(Data shown)

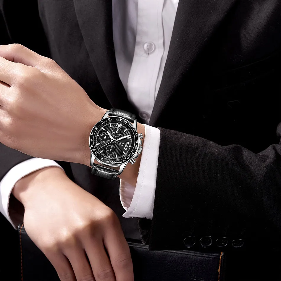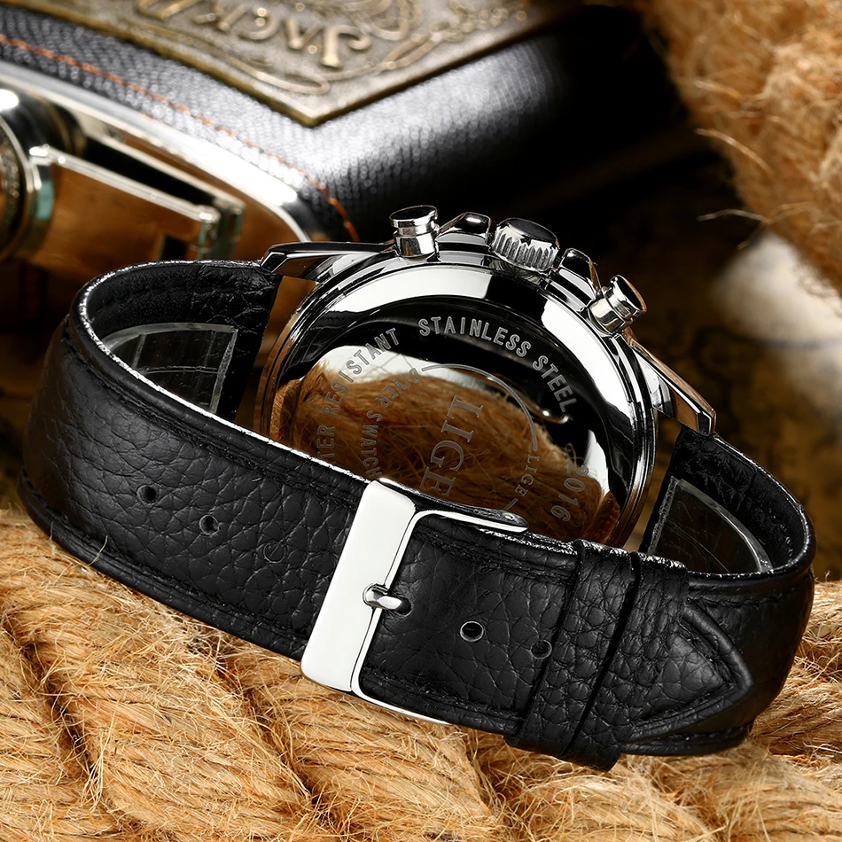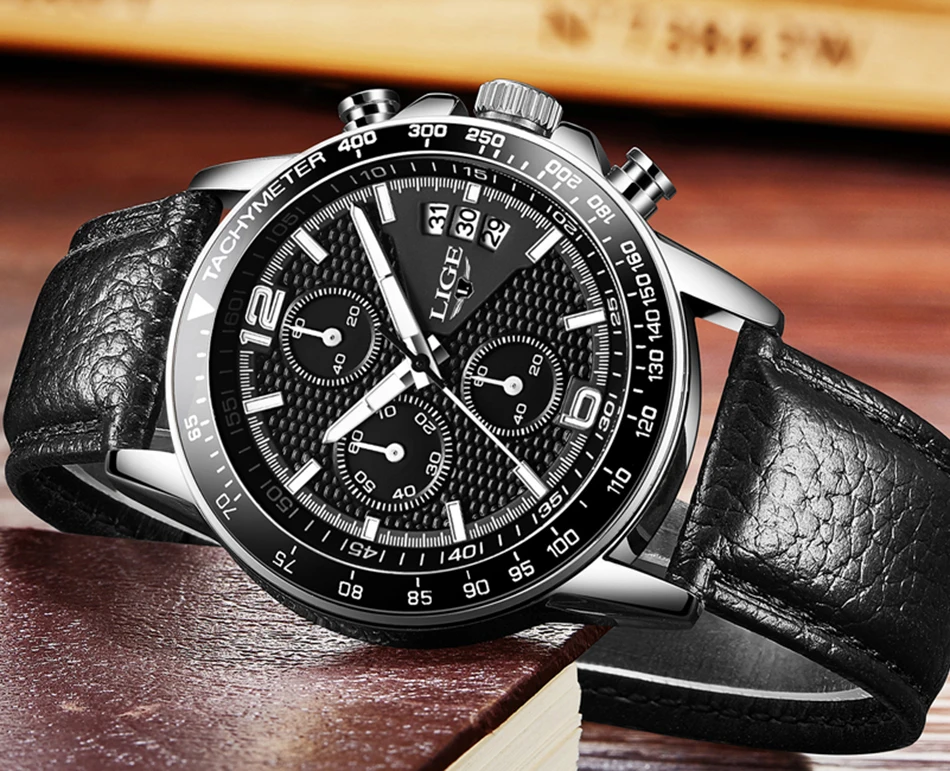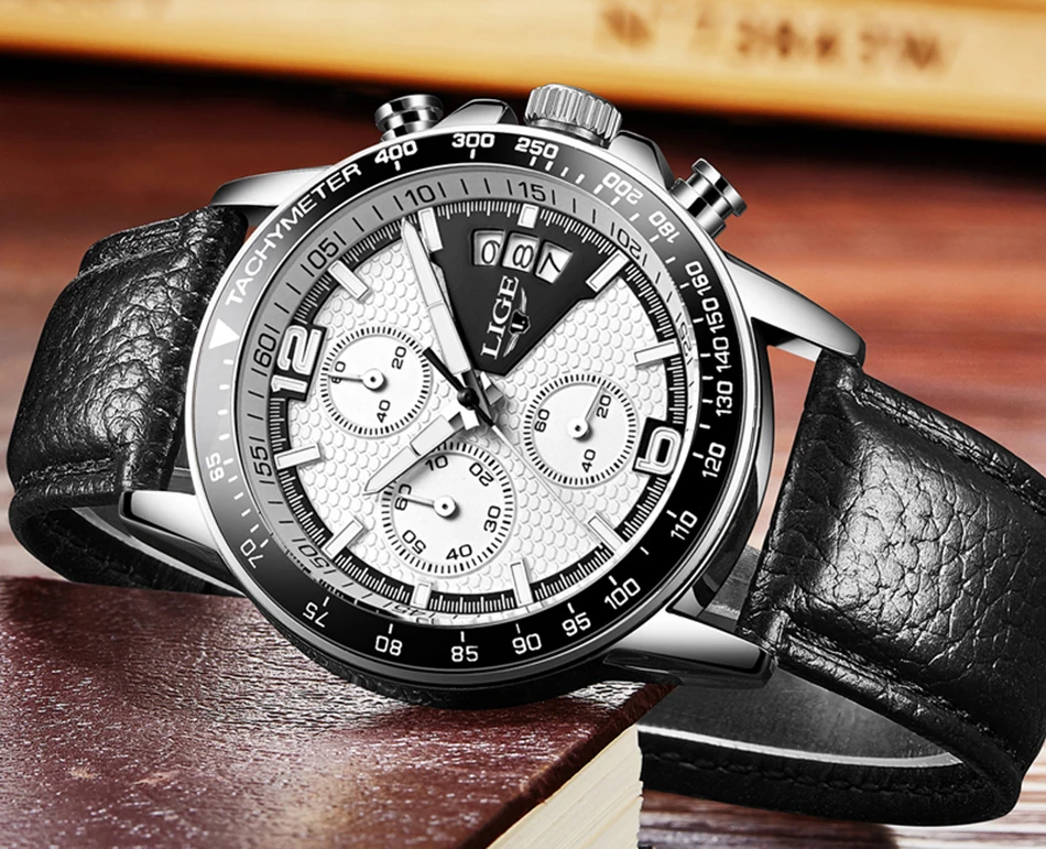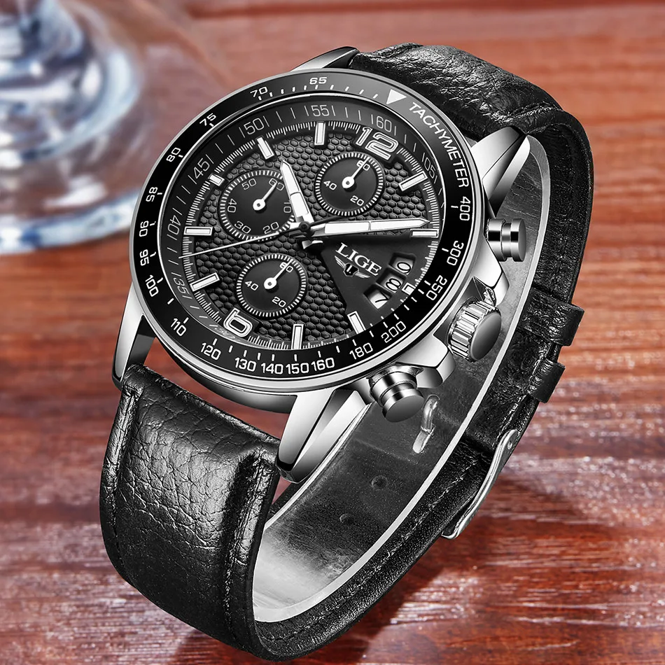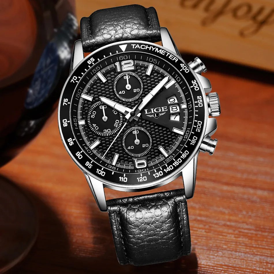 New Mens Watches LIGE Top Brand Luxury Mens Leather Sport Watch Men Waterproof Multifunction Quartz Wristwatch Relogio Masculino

(End Data shown)
(Data shown)

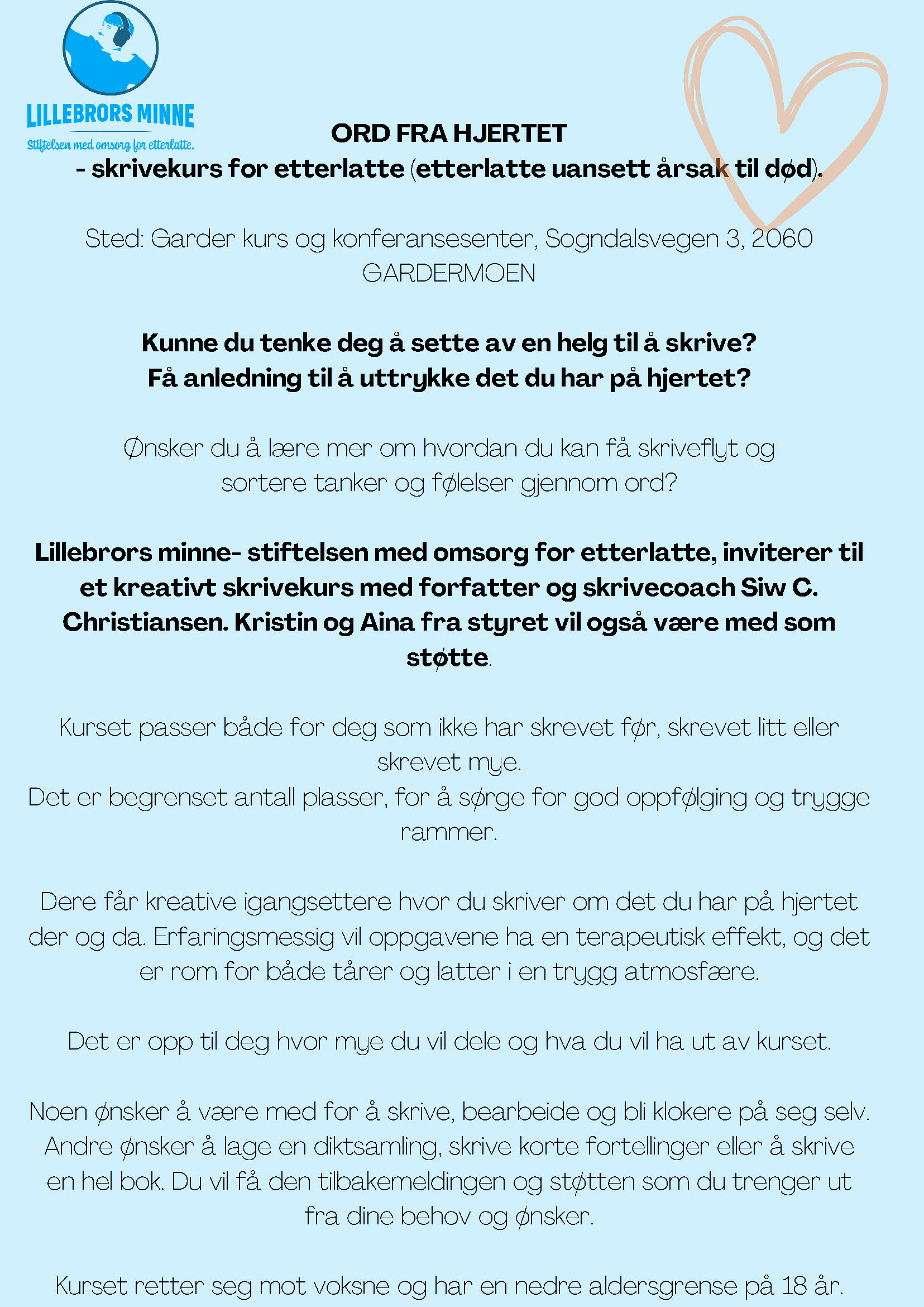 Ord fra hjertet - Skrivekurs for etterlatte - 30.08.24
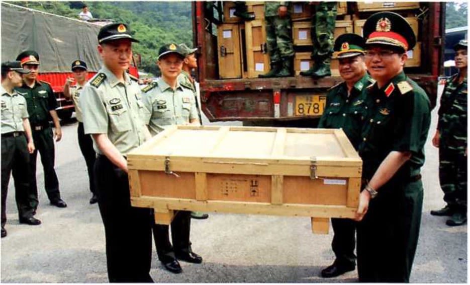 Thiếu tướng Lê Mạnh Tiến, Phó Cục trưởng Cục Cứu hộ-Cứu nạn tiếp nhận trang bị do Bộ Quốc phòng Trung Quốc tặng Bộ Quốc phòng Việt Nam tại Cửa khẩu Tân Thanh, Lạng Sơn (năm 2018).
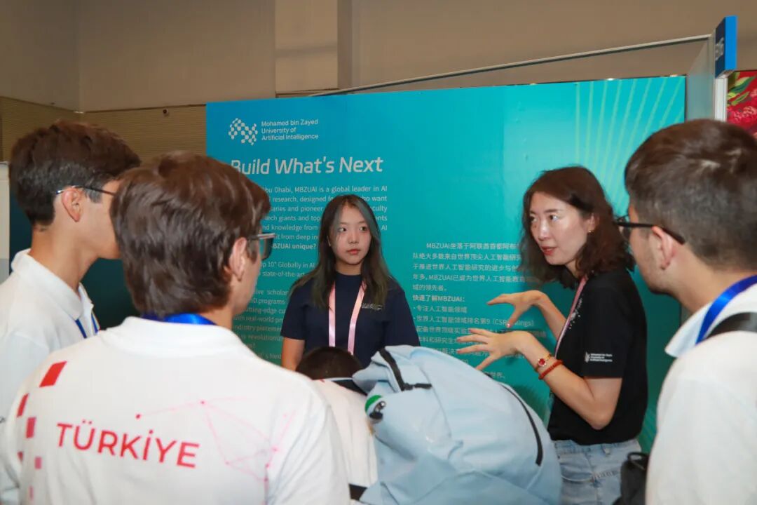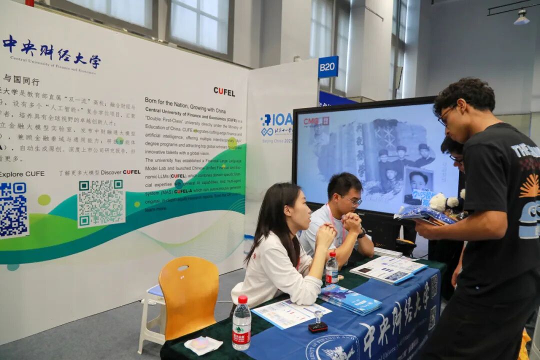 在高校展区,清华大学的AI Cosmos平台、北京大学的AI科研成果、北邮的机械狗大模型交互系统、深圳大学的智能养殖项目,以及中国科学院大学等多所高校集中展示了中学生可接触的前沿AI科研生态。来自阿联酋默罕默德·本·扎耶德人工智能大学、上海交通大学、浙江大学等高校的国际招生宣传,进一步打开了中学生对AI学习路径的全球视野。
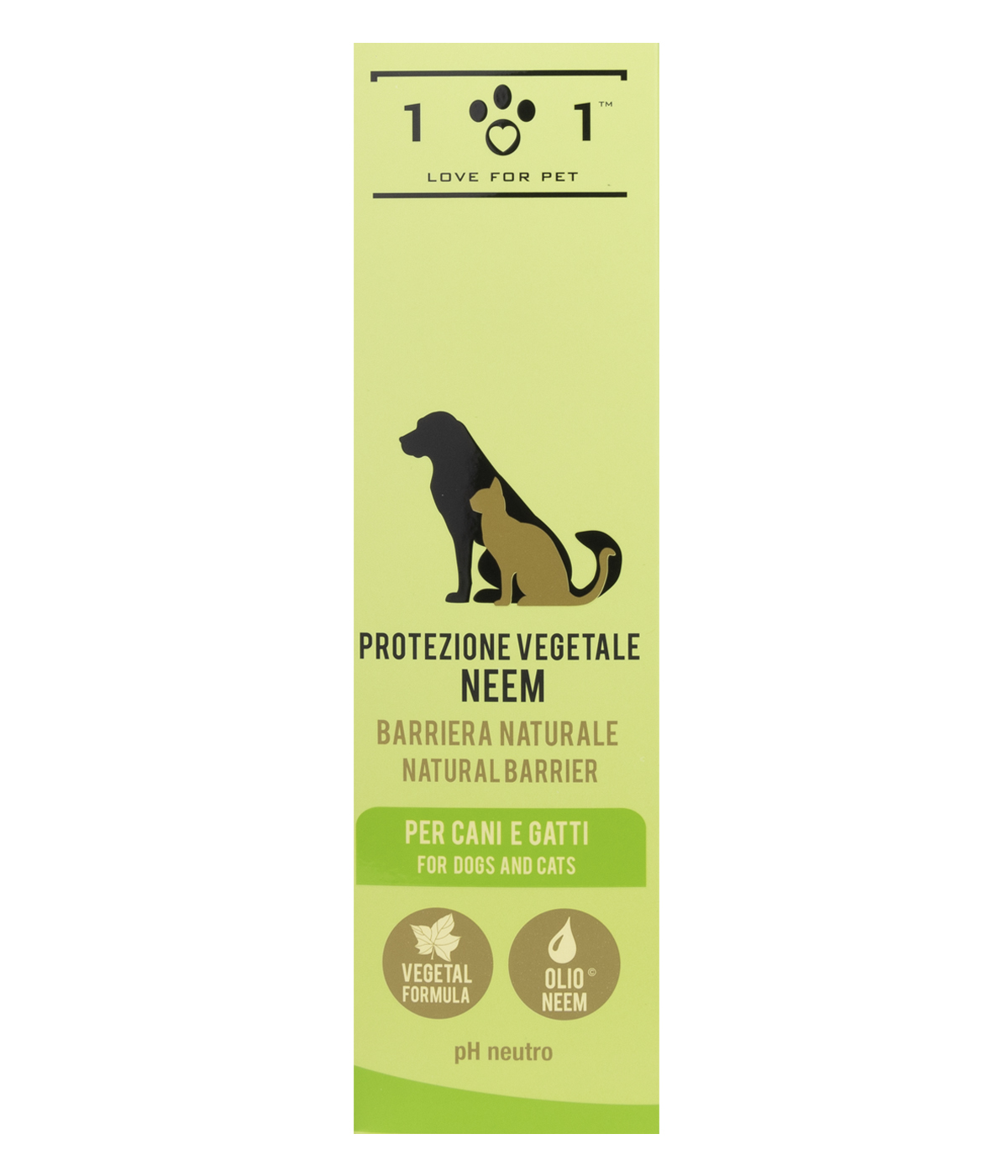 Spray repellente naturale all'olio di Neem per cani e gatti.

(End Data shown)

## [Problem details]
Your copy should hold the lines from the one with "在高校展区,清华大学的AI Cosmos" up to and including the one with "Spray repellente naturale", exactly as in the data above, and no pictures.

## [Output below]
 在高校展区,清华大学的AI Cosmos平台、北京大学的AI科研成果、北邮的机械狗大模型交互系统、深圳大学的智能养殖项目,以及中国科学院大学等多所高校集中展示了中学生可接触的前沿AI科研生态。来自阿联酋默罕默德·本·扎耶德人工智能大学、上海交通大学、浙江大学等高校的国际招生宣传,进一步打开了中学生对AI学习路径的全球视野。
 Spray repellente naturale all'olio di Neem per cani e gatti.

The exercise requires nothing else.